Encouraging Each Other

Let us consider how we can spur each other on in love and good works – not neglecting to meet together, as some are in the habit, but encouraging each other. . .  

Hebrews 10:24-25    

 

One of the greatest moments in a grade school teacher’s career happened by mistake.    

In his first year of teaching, Jaime Escalante had two students who shared the same first name, Johnny.  But they were so different.   One was an excellent student – happy and well-behaved.  The other was a goof-off and did not take his studies seriously. 

At the first PTA meeting of the year, a parent asked how her son was doing. The teacher raved about her son Johnny and what a delight he was to have in the classroom.   But he was mistaken.  He was actually talking to “bad” Johnny’s mom.   

The next day, the problem child approached the teacher.  “My mom told me what you said about me last night.  I haven’t ever had a teacher who wanted me in his class.”   

From that day on “Problem Johnny” completed his assignments and became a model student. 

 

Even though the teacher’s praise was unintentional, it demonstrates how powerful our encouragement of others can be.   People are capable of doing so much if we can make them believe they can.   

Tom Peters and Robert Waterman, in their best-selling book, In Search of Excellence, describe a psychological experiment where every adult is given the same ten puzzles to solve.   Half of the exam takers were told they did well, getting seven out of ten correct.   The other half was informed they did poorly, getting seven out of ten problems wrong.   

But, in fact, the psychologists made the test scores up.   And when they gave each group another round of puzzles, they discovered that those who were told they did well the first round did better on the second, while those who were told they did poorly did worse on the second test.   

   

Encouragement is urging others to believe – to believe  

in what the Lord has done for them, to believe in what God has made them capable of, to believe they are loved.   
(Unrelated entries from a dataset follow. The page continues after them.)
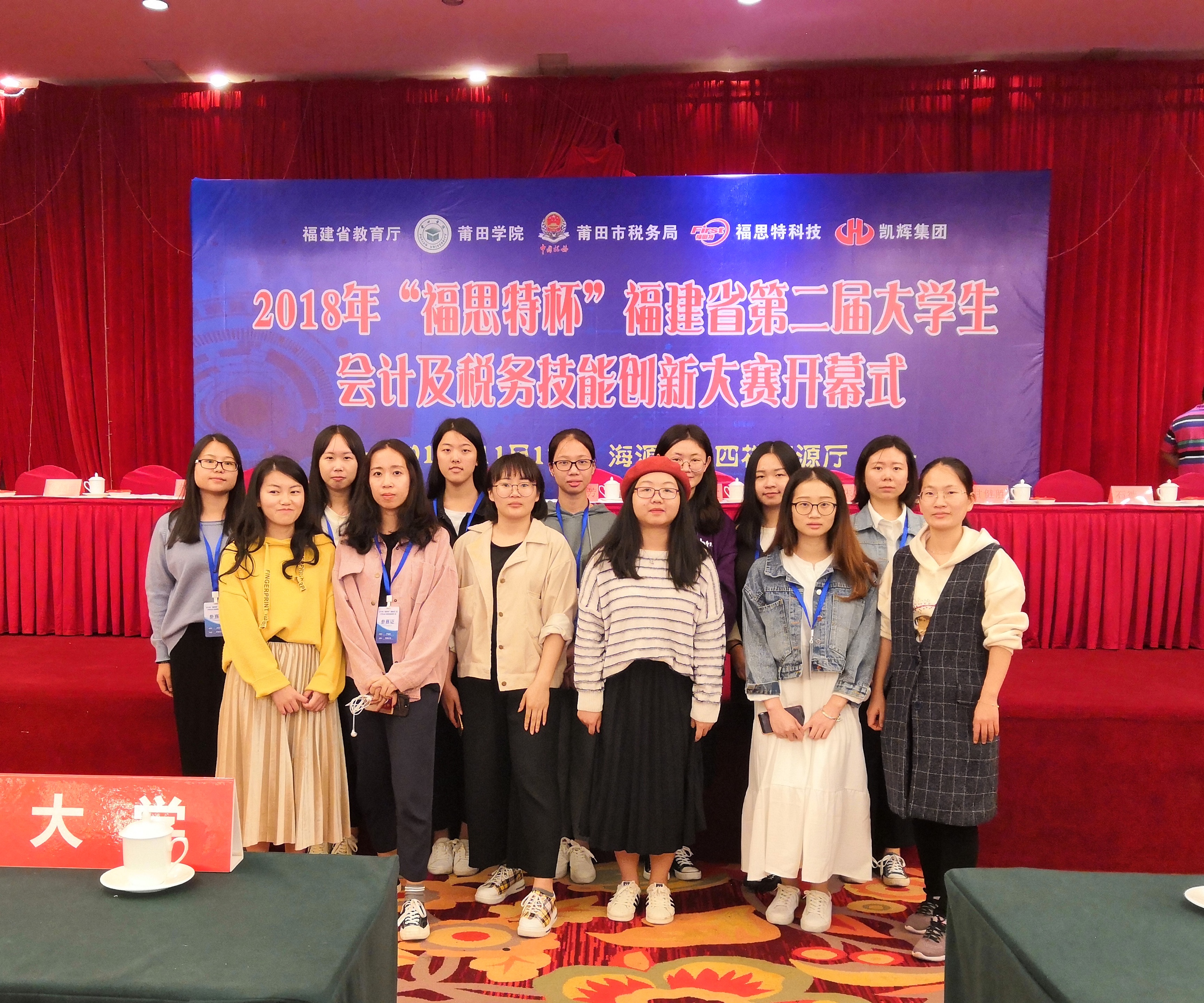 2018年“福思特杯” 第二届福建省大学生会计及税务技能大赛是由福建省教育厅主办、莆田学院与莆田市税务局联合承办。 本次比赛共吸引来自福州大学、华侨大学、福建农林大学、仰恩大学等41所院校近500名参赛选手及指导教师前往参加比赛。我校共有12名学生在林秋花老师的带领下赴赛。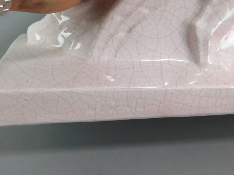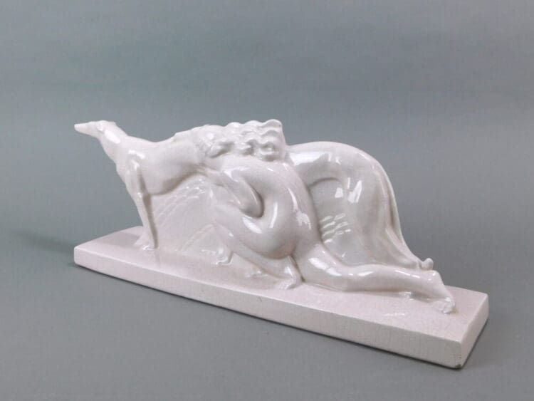 This is Nu Agenouille aux Levriers and was made by Orchies. A pink crackle glaze woman kneeling beside a pair of borzois. There is a signature – barely visible – Le Jan to the back of the base.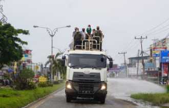 Polres dan Pemkab Pelalawan Lakukan Penyemprotan Disinfektan di Pangkalan Kerinci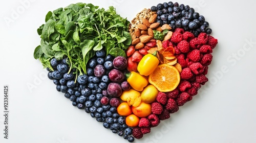 Heart-shaped arrangement of healthy foods, colorful fruits, and leafy greens

But here is the important point: encouragement is what we do for another person.  We need each other.   That is why the Bible urges us to get together – not only for the purpose of corporate worship – but to encourage each other in love and good deeds.   

 

Encouraging others is not always our first impulse.   We are avid fans of employing criticism to improve behavior.  And don’t get me wrong – criticism has its place.   There are times when we must point out someone else’s faults.   Yet, if we are not sensitive in our criticism, we can decrease rather than improve another person’s behavior.   The test takers who were told they did poorly are proof of that. 

There is more power in encouragement than we often imagine. Every since Cheryl Pruitt was four or five she would hang around her dad’s country stores.  Every day the milkman would arrive to stock the store.  And every day he would greet little Cheryl and say, “So, how’s my little Miss America?” 

In 1980, guess who became the new Miss America?